Photo credit: Kat Schleicher
The Alverno Presents series has long been a local haven for artists looking to work outside of your usual music-show format. It’s easy to simply play a set with nothing more to it, to say “I wrote these songs and here there are,” but Alverno Presents requires more of a conceptual framework, an interesting skeleton on which to pin compositions that would otherwise stand on their own, and while in the past that overarching theme has sometimes felt forced, Nick Sanborn’s Lend Me Your Voice possesses an elegant simplicity which lends itself to the eclectic material that makes up the show. Exploring what it means to be sideman, to support and enhance someone else’s vision rather than having people fall in line with your own, Lend Me Your Voice convincingly demonstrates the give and take that goes on when two or more people try to make music together.
The premise is simple really: Sanborn turns the stage over to one of his many collaborators for a solo number, and then joins them onstage in a supporting role, and for each guest, every one of which have rubbed off on Sanborn in one way or another over the years, the band returning to the stage gradually expands by one. As the ensemble grew from a duo to a trio and on and on, the music got more and more dynamic, with Brad Cook of Megafaun adding his raw acoustic sensibility, William Tyler of Lambchop contributing his echoing, looping guitar work and drummer Joe Westerlund introducing the dark, eccentric children’s character Grandma Sparrow. More a curator than a host or star, Sanborn introduced every new addition to the band with an affectionate, off-the-cuff remembrance of how they became acquainted, and how each influenced his particular playing style.

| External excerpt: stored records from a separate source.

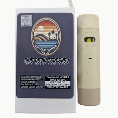 SFV is a sativa-dominant distillate cart infused with live resin terpenes for enhanced flavor and vibrant effects. Each draw delivers smooth, consistent vapor with bright citrus and herbal notes layered over subtle earthy undertones, true to the classic SFV profile. With 82.45% THC, this cart provides a fast-onset, with an uplifting experience that boosts focus, creativity, and energy—ideal for daytime use or whenever you need a clear-headed lift. Reliable, flavorful, and effortless, it’s a premium choice for sativa enthusiasts. We enhance our vape carts by blending high-purity distillate with cannabis-derived live resin terpenes. These terpenes are extracted from fresh-frozen flower, preserving the strain’s natural aroma, flavor, and character. By adding them back into the oil, we restore key plant compounds that distillation removes, giving the cart a richer flavor and a smoother, more authentic draw. While not full-spectrum in the strict sense, the addition of live resin terpenes creates a noticeably more full-spectrum experience with improved complexity, balance, and true-to-strain effects.
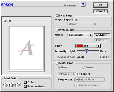 Select the watermark you want to print from the Name list, then select its position, size, color, and intensity. You can change the position and size of the watermark by dragging it with your mouse in the preview window on the left.
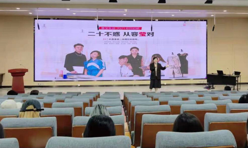 为了满足2021届毕业生就业需求,拓宽就业信息获取渠道,服装学院在4月7日下午两点于阶梯一教室举行雅莹集团招聘宣讲会。服装学院部分学生及毕业生参加了此次活动。服装学院邀请了雅莹集团人事经理李茜。
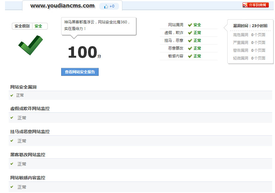 《友点企业网站管理系统》经过研发团队不停地完善,成功通过360网站安全在线检测,没有发现任何漏洞,得满分100。请大家放心使用。
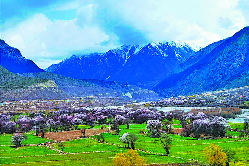 “桃花沟里,一个个村庄旁边,成片的野桃林向着远处的雪山绵延而去,真的太壮观了。”洛桑次仁感叹道。
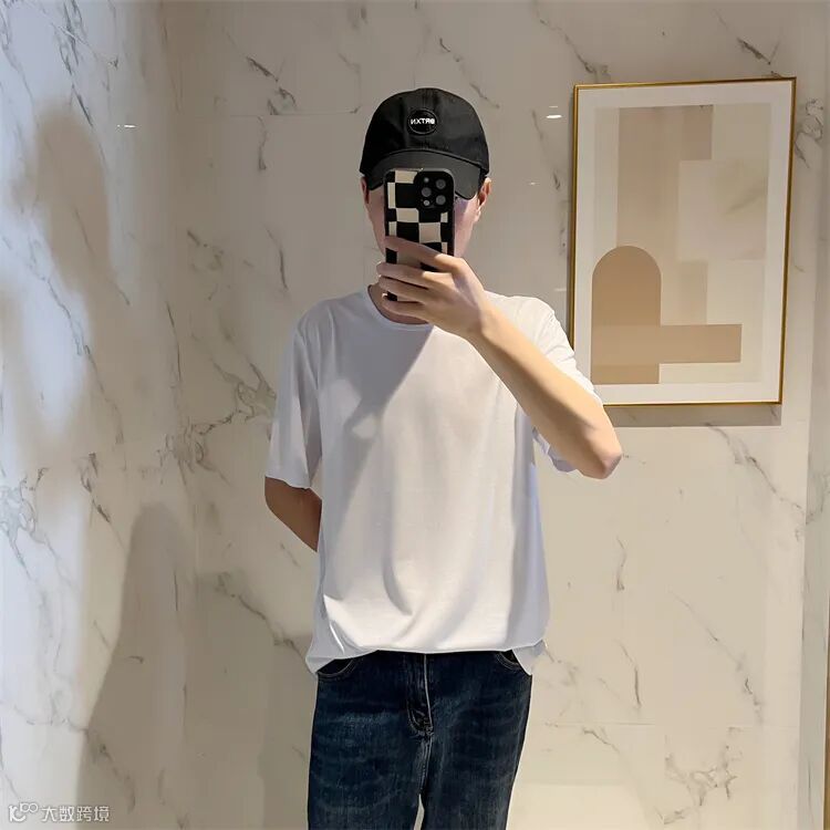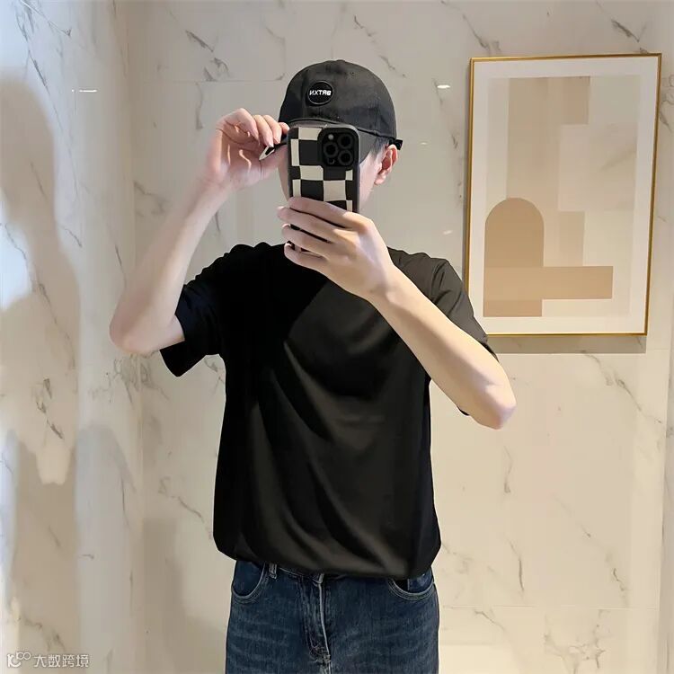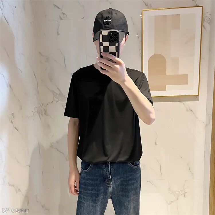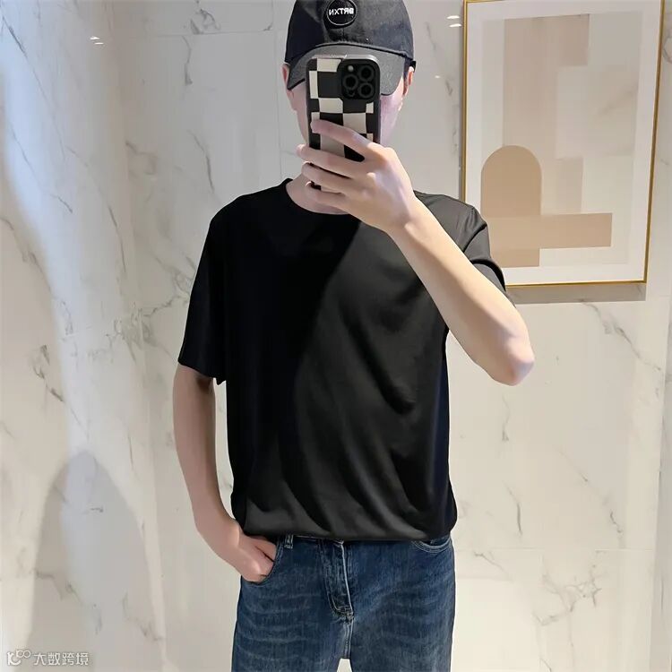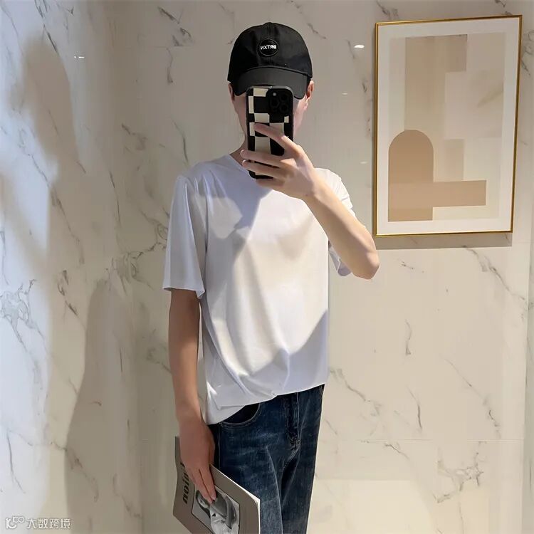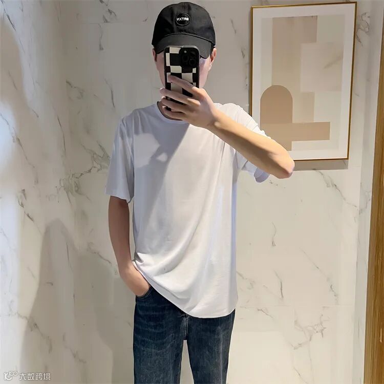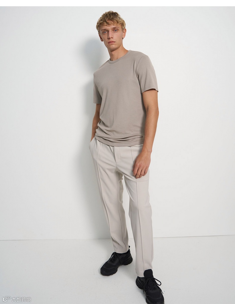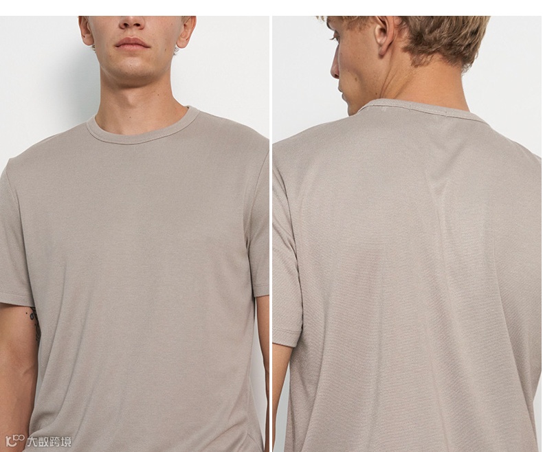 经典圆领时尚短袖T恤,合身版型,领口,
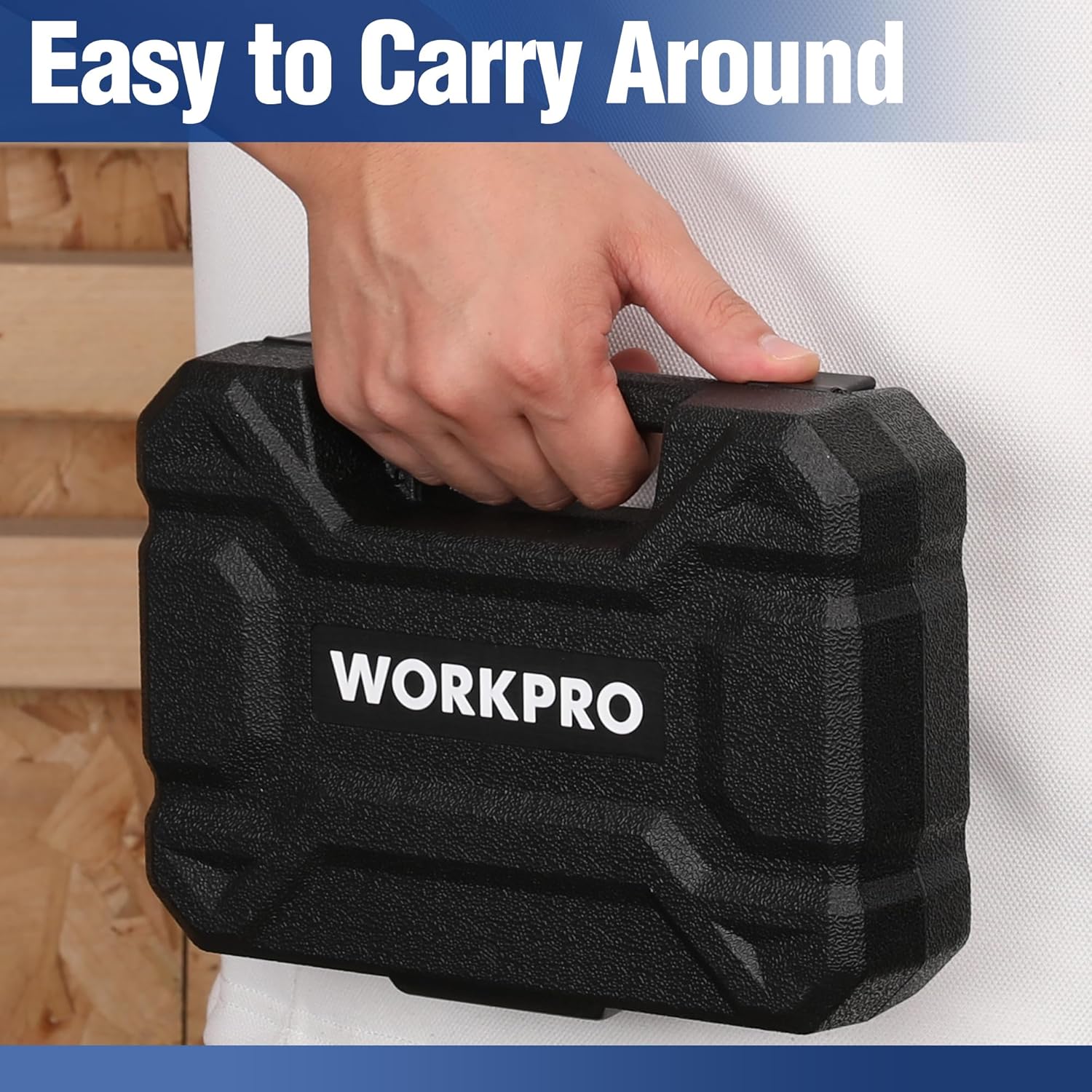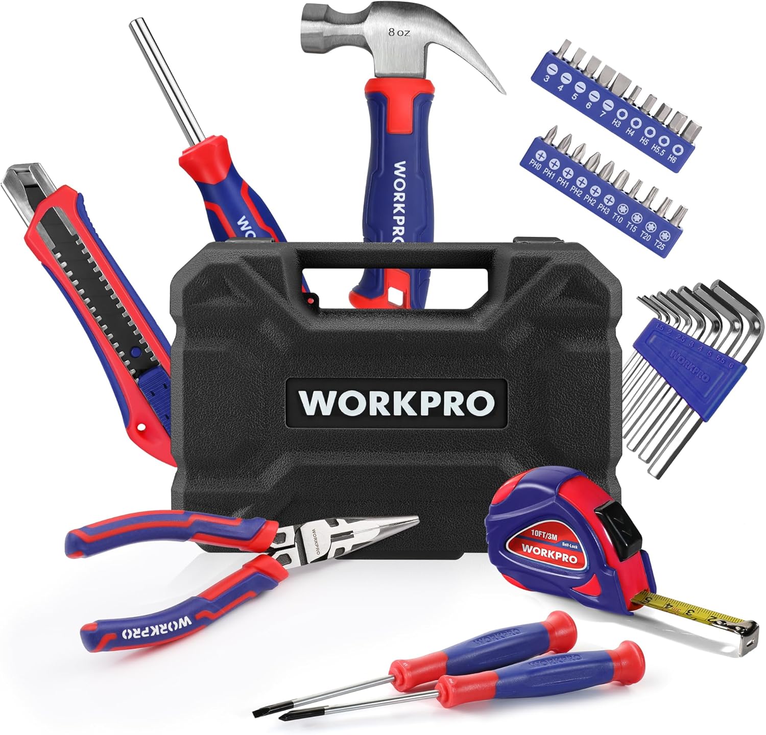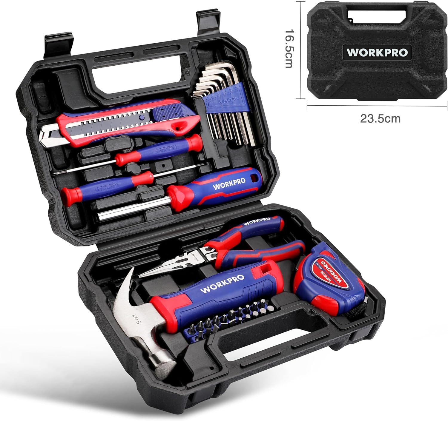 - Das 35tlg. WORKPRO Werkzeugset enthält die üblichen Handwerkzeuge: Hammer, Massband, Cuttermesser, Spitzzange, Schraubendreher und Innensechskantschlüssel.

As the night wore on, more and more members joined the group, which collectively formed a portrait of Sanborn’s own personal musical arc, one that became progressively richer as Amelia Meath and Alexandra Sauser-Monnig of Mountain Man and Field Report leader Christopher Porterfield entered the equation. The narrative, as well as the music, which ranged from stark alt-country to off-beat experimentalism and accessible, earworm indie-pop, was, as advertised, of a very personal nature, as was the setup of the concert itself, with the few dozen guests seated around the musicians on an unadorned stage, the Pitman Theatre’s art deco fixtures looming in the hulking darkness where, under usual circumstances, a crowd would be. The intense intimacy of the presentation was, again, appropriate to the content of show itself, the revealing story of an exceptionally open and industrious sideman, one which would never be told were it not for Alverno Presents.